[llvm-dev] Machine learning and compiler optimizations: using inter-procedural analysis to select optimizations
Johannes Doerfert via llvm-dev
llvm-dev at lists.llvm.org
Mon Mar 30 18:51:53 PDT 2020
On 3/30/20 8:07 PM, Shiva Stanford wrote:
> 1. Thanks for the clarifications. I will stick to non-containerized OS X
> for now.
Sounds good. As long as you can build it and run lit and llvm-test suite
tests :)
> 2. As an aside, I did try to build a Debian docker container by git
cloning
> into it and using the Dockerfile in LLVM/utils/docker as a starting
point:
> - some changes needed to updated packages (GCC in particular needs to be
> latest) and the Debian image (Debian 9 instead of Debian 8) pretty much
> sets up the docker container well. But for some reason, the Ninja build
> tool within the CMake Generator fails. I am looking into it. Maybe I can
> produce a working docker workflow for others who want to build and work
> with LLVM in a container environment.
Feel free to propose a fix but I'm the wrong one to talk to ;)

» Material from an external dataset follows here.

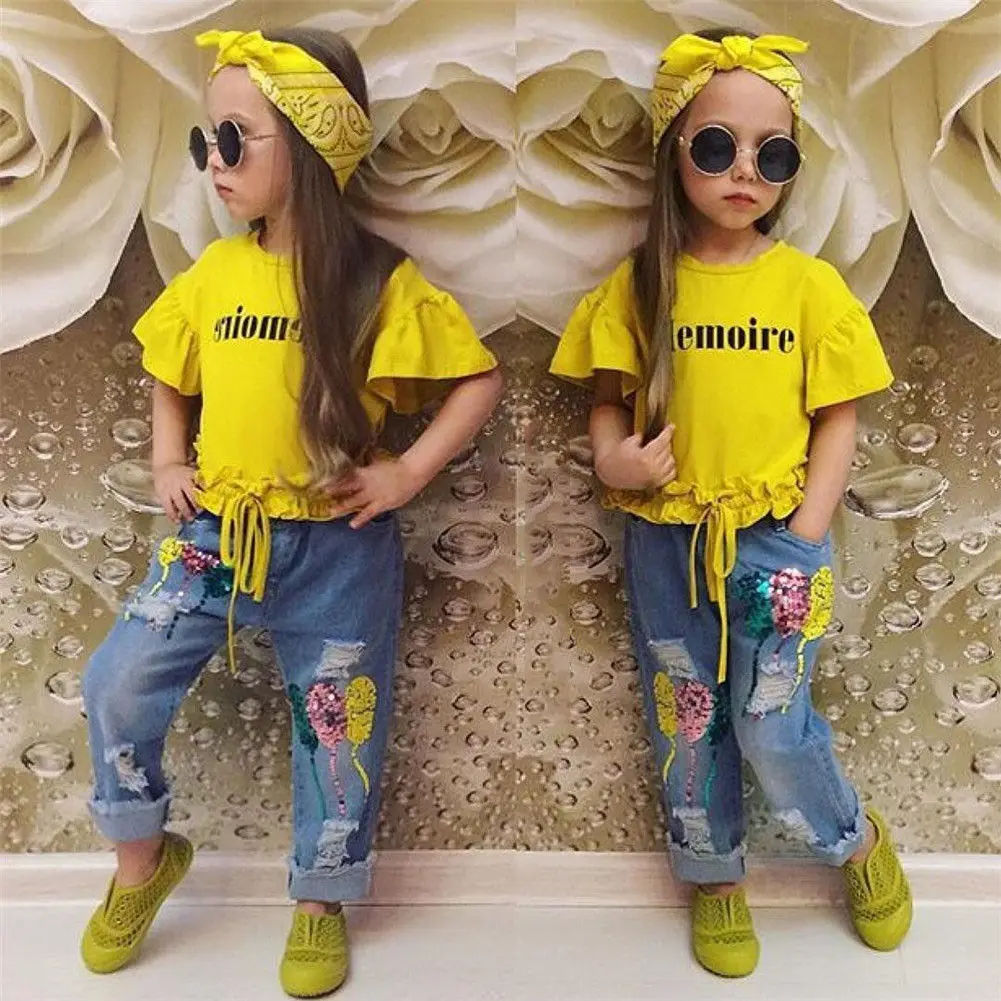 Special Offer for 2PCS Toddler Baby Girl Clothes Outfit T-shirt Tops+Ripped Denim Jeans Pants Set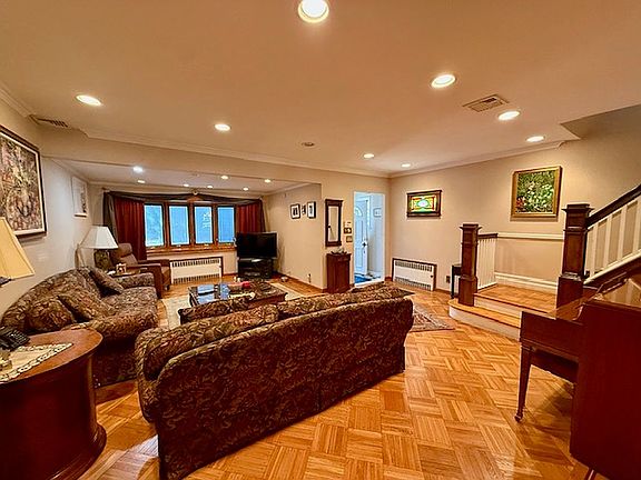 Marine Park! A true 4 Bedroom /4 Bath home in the Heart of Marine Park! This magnificent home has spared no expense! The first floor has an oversized living room, formal dining room, full kitchen, 1/2 bath, laundry area and family room. The family room opens to a rear porch and beautifully landscaped yard. The second floor has 3 nice sized bedrooms with hardwood floors and a full bath. The 4th bedroom/primary bedroom is oversized with vaulted ceilings, California type closet and its own 3/4 bath with a steam shower. There is a full finished basement with a 3/4 bath and a private driveway for 2 car parking. Marine Park is just a short distance from your new home!

> 3. I have submitted the final proposal today to GSoC 2020 today after
> incorporating some comments and thoughts. When you all get a chance to
> review, let me know your thoughts.
Good. Can you share the google docs with me
(johannesdoerfert at gmail.com)? [Or did you and I misplaced the link? In
that case send it again ;)]
> 4. On GPU extension, my thoughts were around what an integrated compiler
> like Nvidia's nvcc (GCC for CPU + PTX for GPU) does when GCC is
substituted
> with LLVM and if that arrangement can be optimized for ML passes.
> But I am beginning to think that structuring this problem well and
> doing meaningful work over the summer might be a bit difficult.

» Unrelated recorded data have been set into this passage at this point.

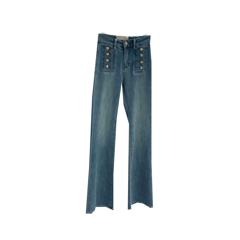 جينز ضيق عالي الخصر ومقاوم للتجاعيد ومغسول ومزدوج الصدر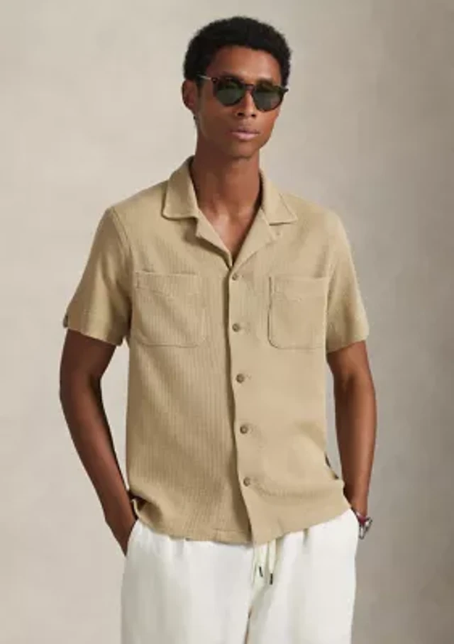 Waffle-Knit Cotton-Linen Camp Shirt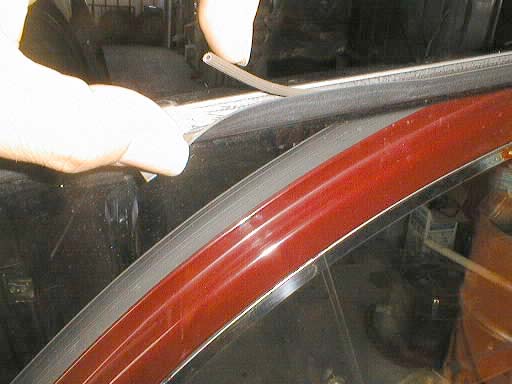 長年使ったゴム製品は変形してドアと窓ガラス(枠)とに隙間が出来てしまうのでゴムパッキンの内側に「網戸張り替え用のアミ押さえゴム」を入れてゴムを浮かしてドアとの当たりを調整します。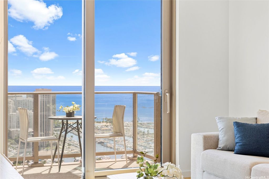 30-night minimum stay. Enjoy the convenience of city living, with resort-style amenities at Sky Ala Moana West! This fully furnished, one-bedroom unit with floor-to-ceiling windows has two full beds and a pull-out couch in the living room. The kitchen is equipped with top-of-the-line Bosch appliances and Quartz countertops. Relax on the private lanai with sweeping city, ocean, and Diamond Head views. Enjoy the lavish spa-like bath after a long day.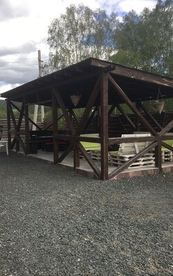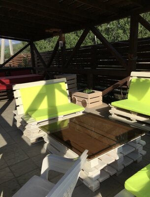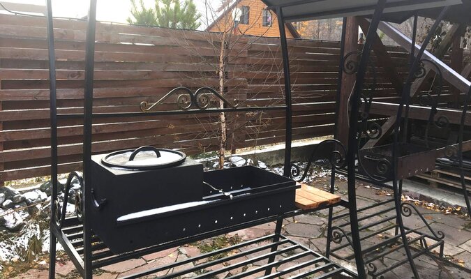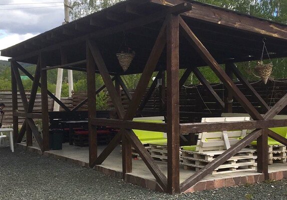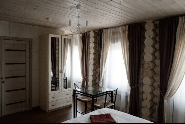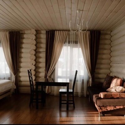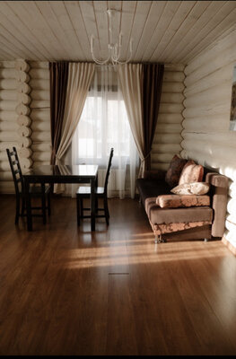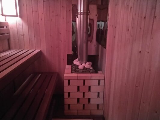 Баня с печью на дровах. В бане большая чайная комната, туалет.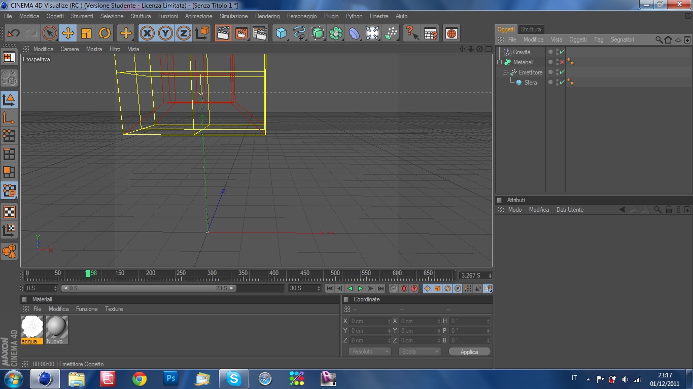 vorrei cimentarmi in questa avventura con le metaball ed emettitore per cercare di creare un getto di una fontana.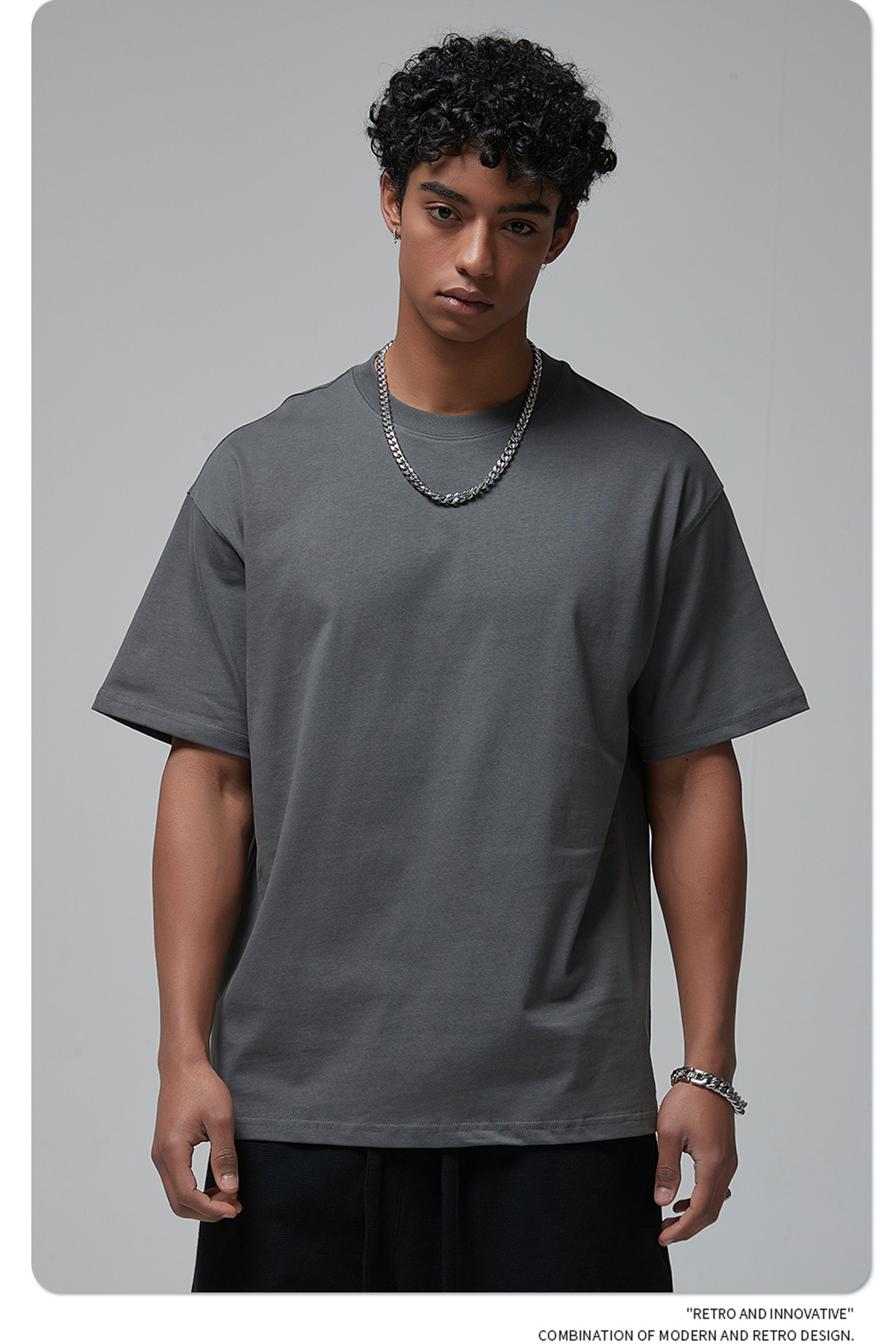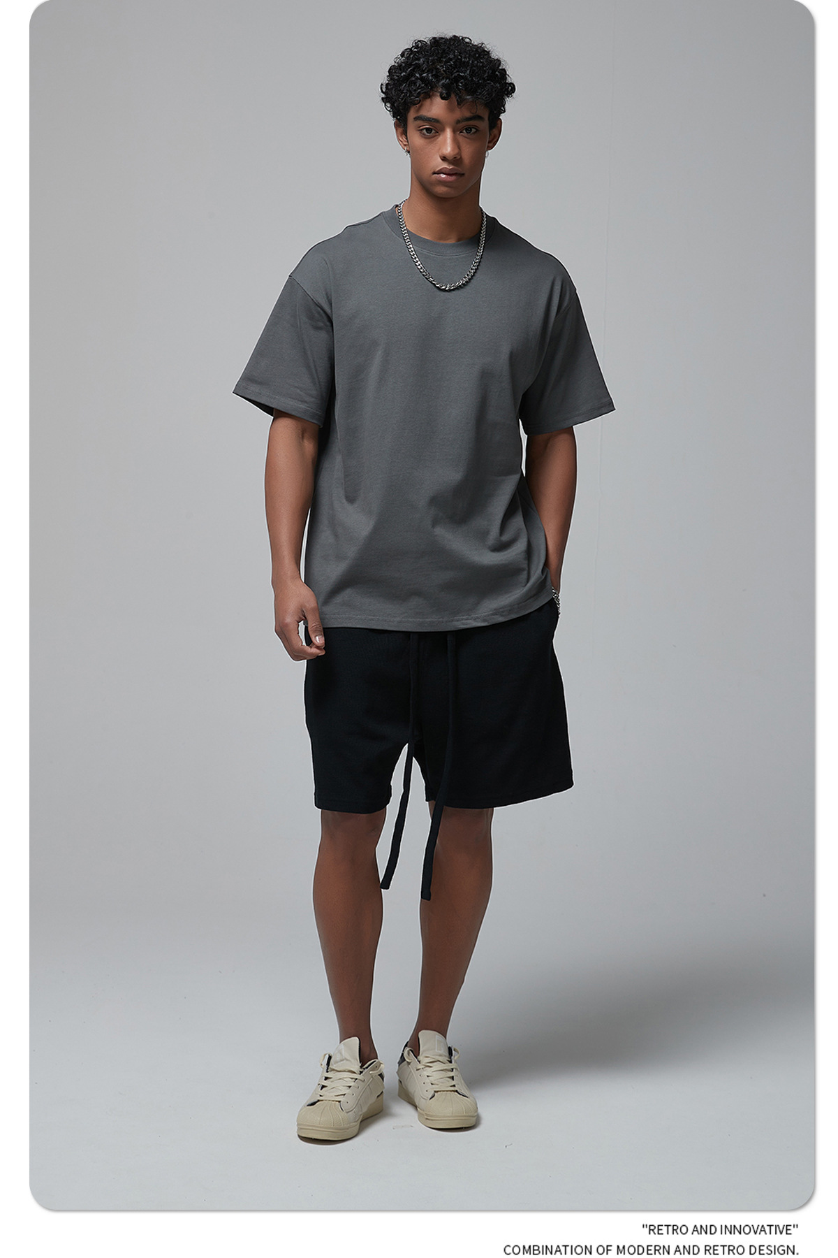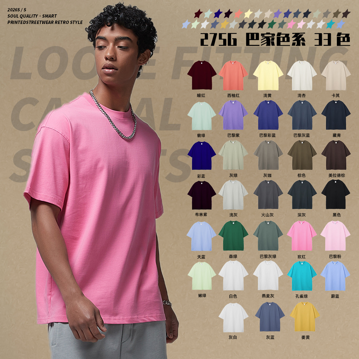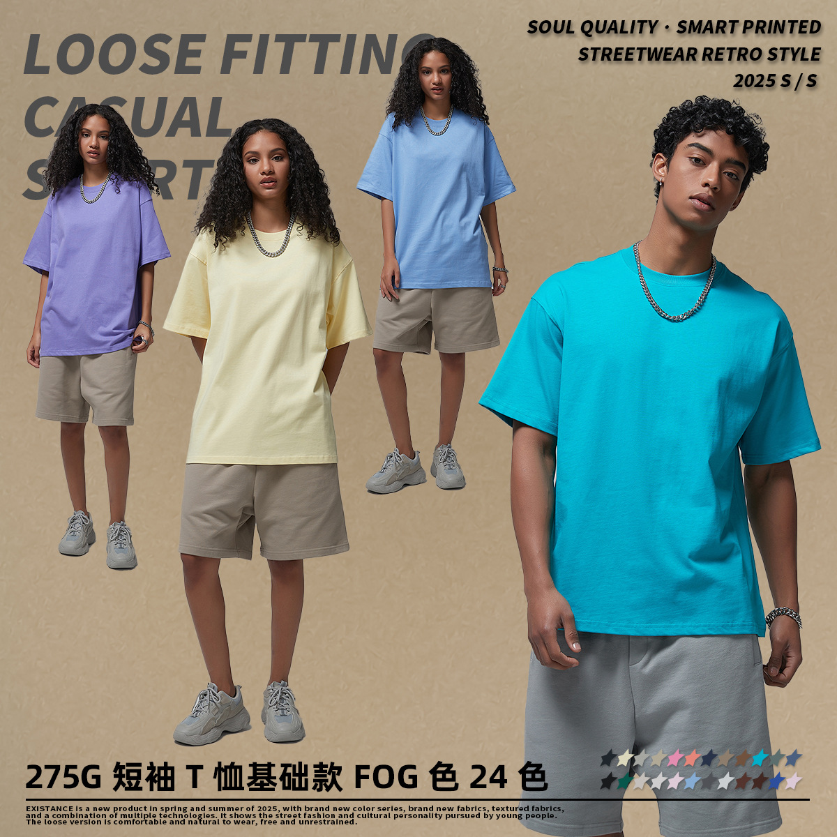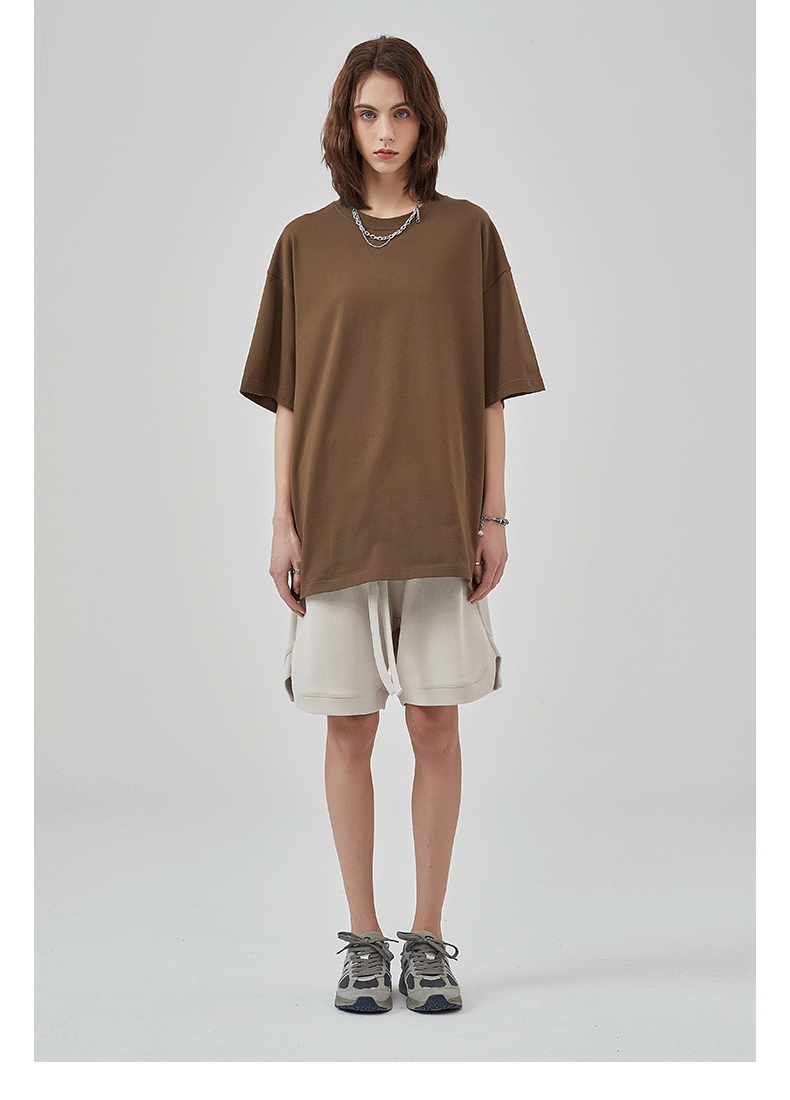 2025 новый продукт, 275 г, свободная однотонная футболка с короткими рукавами, мужская футболка из чистого хлопка FOG, мужская модная брендовая мужская одежда больших размеров

As far as I know, neither GCC nor Clang will behave much differently if
they are used by nvcc than in their standalone mode.
Having an "ML-mode" is probably a generic thing to look at. Though, the
"high-level" optimizations are not necessarily performed in LLVM-IR.
> As mentors, do you have any thoughts on how LLVM might be integrated
> into a joint CPU-GPU compiler by the likes of Nvidia, Apple etc.?
I'm unsure what you ask exactly. Clang can be used in CPU-GPU
compilation via Cuda, OpenCL, OpenMP offload, Sycl, ... is this it?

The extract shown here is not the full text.